• EXERCISE REQUIREMENTS
For the data that follows, return each line unchanged and drop the pictures.

• THE DATA
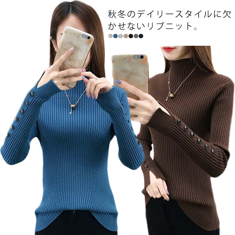 袖ボタン 秋冬 ニット トップス 長袖 タートルネック セーター ハイネック レディース ボタンアレンジ レディース
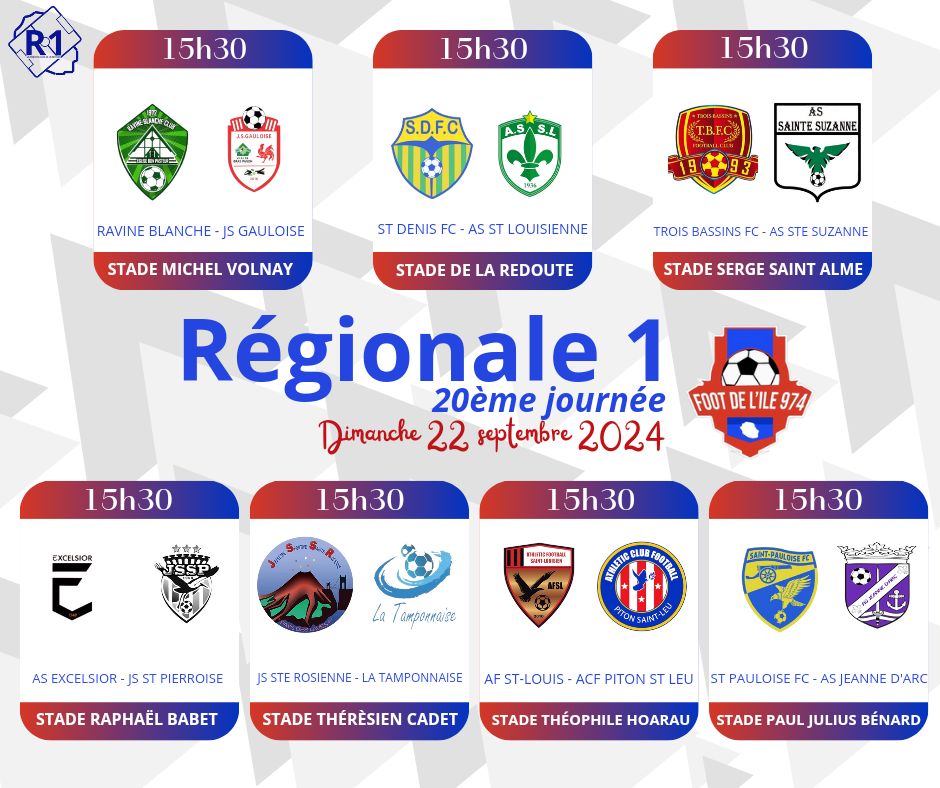 Retrouvez le multiplex dès 15h30 sur notre antenne Free Dom en direct du stade RAPHAEL BABET de Saint-Joseph pour la 20e journée de la Régionale 1 :
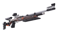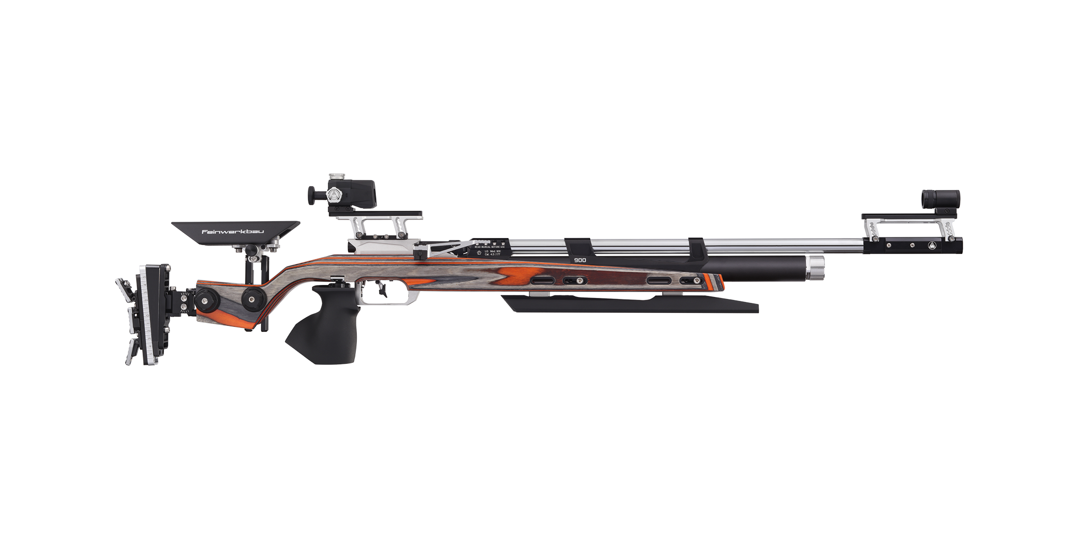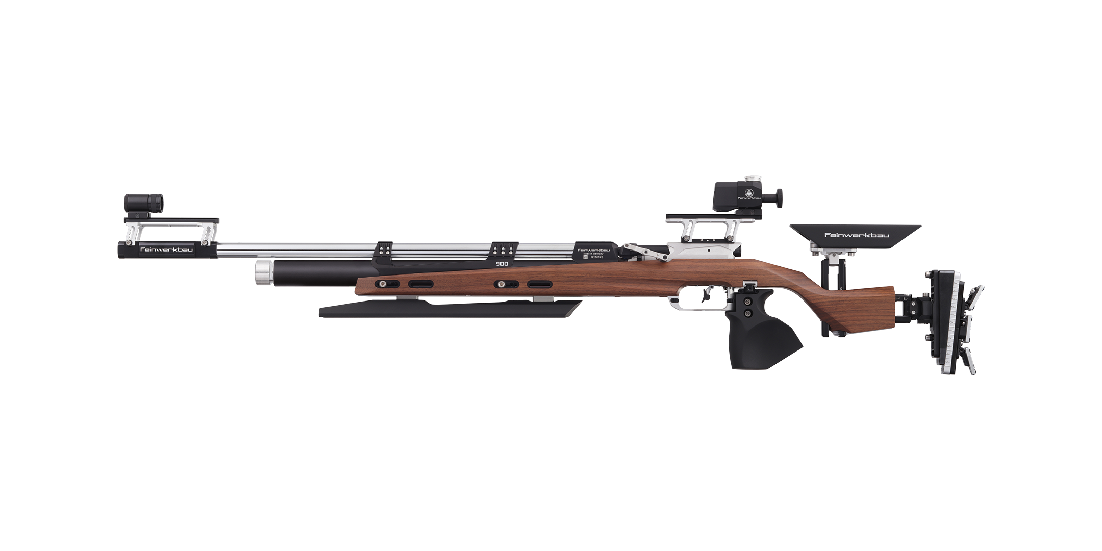 The flat front stock allows the greatest possible benchrest adjustment range for benchrest shooting. The cheek piece and butt plate (as with the aluminum stock models) can be easily and continuously adjusted in height and length via adjustment gears. The specially raised cheek piece ensures a comfortable shooting position and the benchrest version of the 900W model series is equipped with a wedge-shaped weight (330 grams) in the butt plate. On request, a grip rail can be selected for comfortable positioning of the holding hand.

• RESULT OF THE TASK
 袖ボタン 秋冬 ニット トップス 長袖 タートルネック セーター ハイネック レディース ボタンアレンジ レディース
 Retrouvez le multiplex dès 15h30 sur notre antenne Free Dom en direct du stade RAPHAEL BABET de Saint-Joseph pour la 20e journée de la Régionale 1 :
 The flat front stock allows the greatest possible benchrest adjustment range for benchrest shooting. The cheek piece and butt plate (as with the aluminum stock models) can be easily and continuously adjusted in height and length via adjustment gears. The specially raised cheek piece ensures a comfortable shooting position and the benchrest version of the 900W model series is equipped with a wedge-shaped weight (330 grams) in the butt plate. On request, a grip rail can be selected for comfortable positioning of the holding hand.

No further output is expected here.